### Extracted information

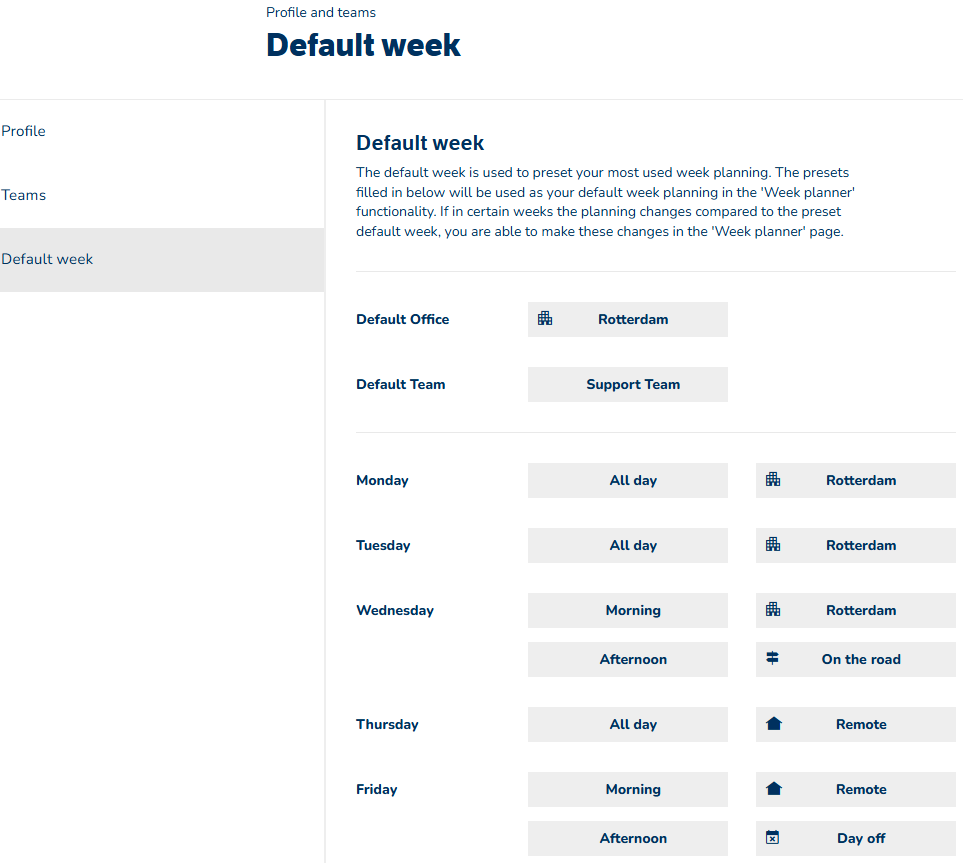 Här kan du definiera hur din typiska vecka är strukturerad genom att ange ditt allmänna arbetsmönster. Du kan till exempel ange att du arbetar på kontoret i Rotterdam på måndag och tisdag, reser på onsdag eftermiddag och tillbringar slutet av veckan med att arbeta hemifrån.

######
### Extracted information

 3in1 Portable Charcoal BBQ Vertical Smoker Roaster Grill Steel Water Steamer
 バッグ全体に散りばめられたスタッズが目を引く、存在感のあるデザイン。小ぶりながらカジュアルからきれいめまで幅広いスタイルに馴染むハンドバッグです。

######
### Extracted information

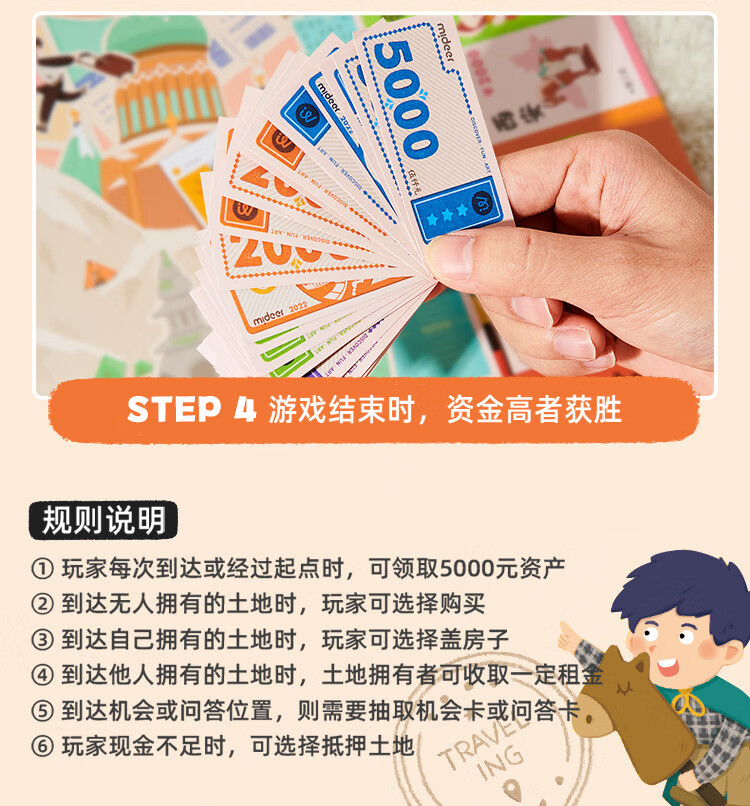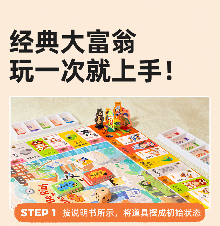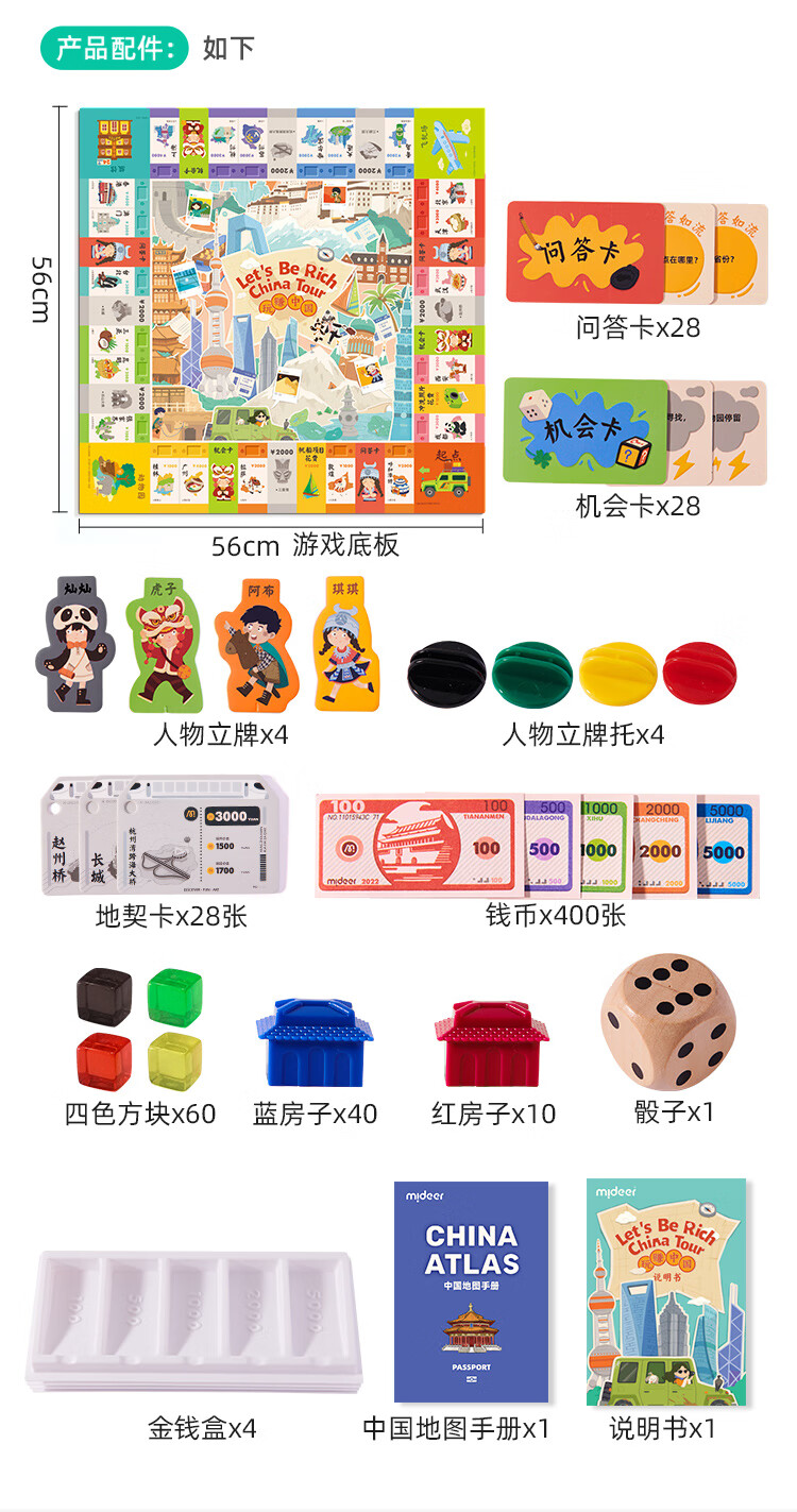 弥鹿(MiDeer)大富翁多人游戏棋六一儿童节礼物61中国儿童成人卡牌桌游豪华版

######

Could you restate word for word the lines above from the one containing "3in1 Portable Charcoal" through the one containing "バッグ全体に散りばめられたス", both included, and nothing else?

 3in1 Portable Charcoal BBQ Vertical Smoker Roaster Grill Steel Water Steamer
 バッグ全体に散りばめられたスタッズが目を引く、存在感のあるデザイン。小ぶりながらカジュアルからきれいめまで幅広いスタイルに馴染むハンドバッグです。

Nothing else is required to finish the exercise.